> YOUR GOAL: Your output should be the lines below from the one with "Sometimes you want" through the one with "Först görs skivor", copied exactly, pictures excluded.

> THE DATA:

==*==

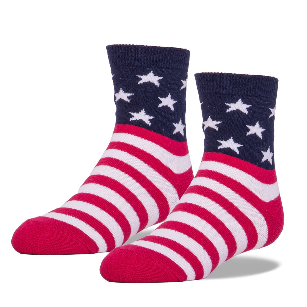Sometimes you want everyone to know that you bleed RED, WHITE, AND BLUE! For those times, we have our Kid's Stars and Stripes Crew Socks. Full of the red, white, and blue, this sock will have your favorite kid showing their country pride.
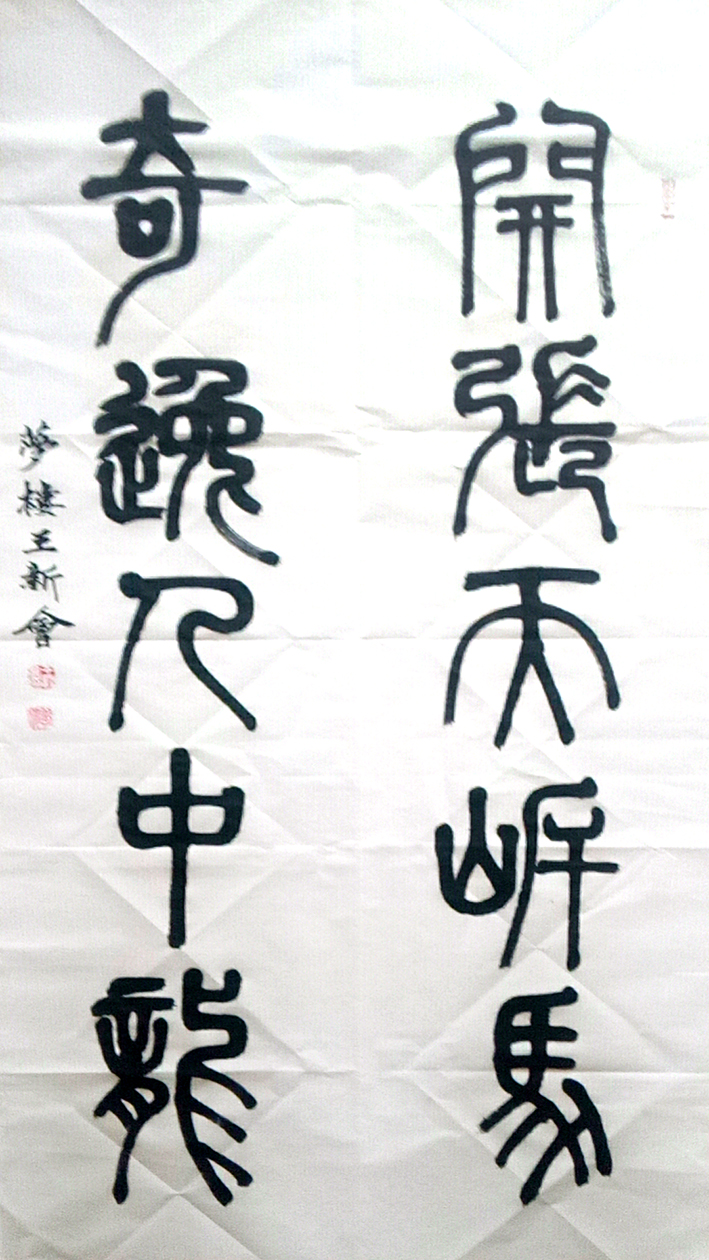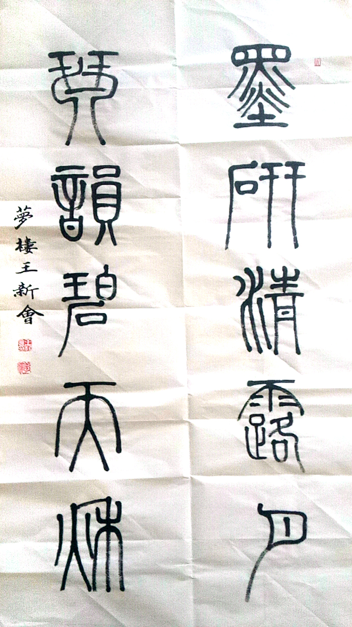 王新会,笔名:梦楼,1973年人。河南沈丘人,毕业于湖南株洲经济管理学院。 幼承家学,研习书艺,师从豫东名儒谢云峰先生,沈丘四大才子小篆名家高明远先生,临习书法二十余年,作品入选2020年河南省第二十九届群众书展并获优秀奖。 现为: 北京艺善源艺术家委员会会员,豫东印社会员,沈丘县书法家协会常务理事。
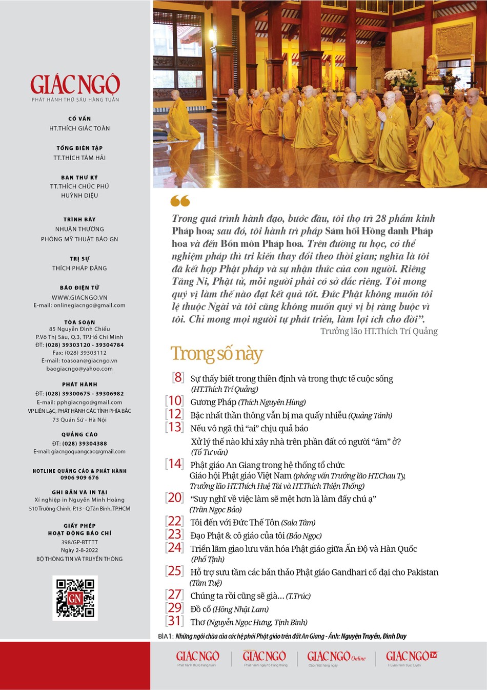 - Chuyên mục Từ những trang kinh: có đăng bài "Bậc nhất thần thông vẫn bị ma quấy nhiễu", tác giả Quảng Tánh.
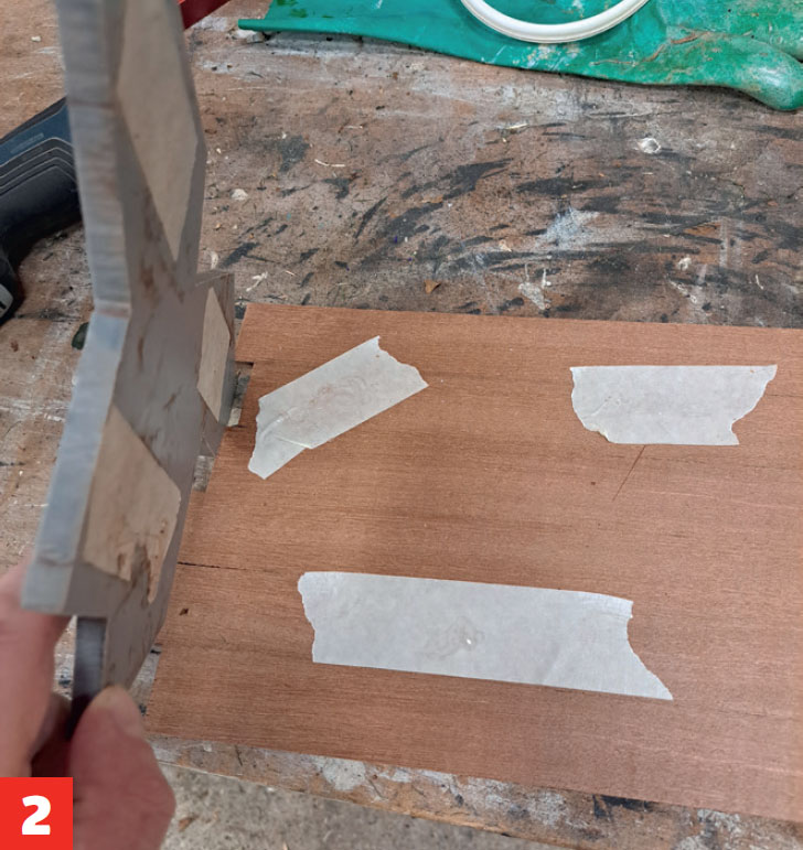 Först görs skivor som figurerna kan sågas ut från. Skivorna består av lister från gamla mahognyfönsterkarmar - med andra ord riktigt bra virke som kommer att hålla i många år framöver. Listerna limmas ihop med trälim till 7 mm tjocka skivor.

==*==

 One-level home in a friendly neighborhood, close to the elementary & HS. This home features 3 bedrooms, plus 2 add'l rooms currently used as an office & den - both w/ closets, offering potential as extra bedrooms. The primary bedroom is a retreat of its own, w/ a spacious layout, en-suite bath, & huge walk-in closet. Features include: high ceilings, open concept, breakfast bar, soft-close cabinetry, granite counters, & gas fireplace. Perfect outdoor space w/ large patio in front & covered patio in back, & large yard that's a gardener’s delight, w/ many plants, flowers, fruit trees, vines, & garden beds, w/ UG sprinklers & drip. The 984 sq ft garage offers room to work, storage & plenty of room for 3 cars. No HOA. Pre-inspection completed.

==*==

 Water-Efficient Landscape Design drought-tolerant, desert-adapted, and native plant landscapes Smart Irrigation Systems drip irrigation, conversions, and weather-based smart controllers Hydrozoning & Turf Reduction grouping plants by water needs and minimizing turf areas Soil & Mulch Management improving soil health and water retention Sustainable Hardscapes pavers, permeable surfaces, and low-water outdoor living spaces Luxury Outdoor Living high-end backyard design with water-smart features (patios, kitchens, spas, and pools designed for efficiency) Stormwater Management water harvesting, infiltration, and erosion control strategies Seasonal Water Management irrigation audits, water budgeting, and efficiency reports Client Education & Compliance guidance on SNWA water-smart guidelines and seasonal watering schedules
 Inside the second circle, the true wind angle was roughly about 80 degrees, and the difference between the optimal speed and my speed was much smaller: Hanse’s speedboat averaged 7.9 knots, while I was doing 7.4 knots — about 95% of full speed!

==*==

> SOLVED EXERCISE:
Sometimes you want everyone to know that you bleed RED, WHITE, AND BLUE! For those times, we have our Kid's Stars and Stripes Crew Socks. Full of the red, white, and blue, this sock will have your favorite kid showing their country pride.
 王新会,笔名:梦楼,1973年人。河南沈丘人,毕业于湖南株洲经济管理学院。 幼承家学,研习书艺,师从豫东名儒谢云峰先生,沈丘四大才子小篆名家高明远先生,临习书法二十余年,作品入选2020年河南省第二十九届群众书展并获优秀奖。 现为: 北京艺善源艺术家委员会会员,豫东印社会员,沈丘县书法家协会常务理事。
 - Chuyên mục Từ những trang kinh: có đăng bài "Bậc nhất thần thông vẫn bị ma quấy nhiễu", tác giả Quảng Tánh.
 Först görs skivor som figurerna kan sågas ut från. Skivorna består av lister från gamla mahognyfönsterkarmar - med andra ord riktigt bra virke som kommer att hålla i många år framöver. Listerna limmas ihop med trälim till 7 mm tjocka skivor.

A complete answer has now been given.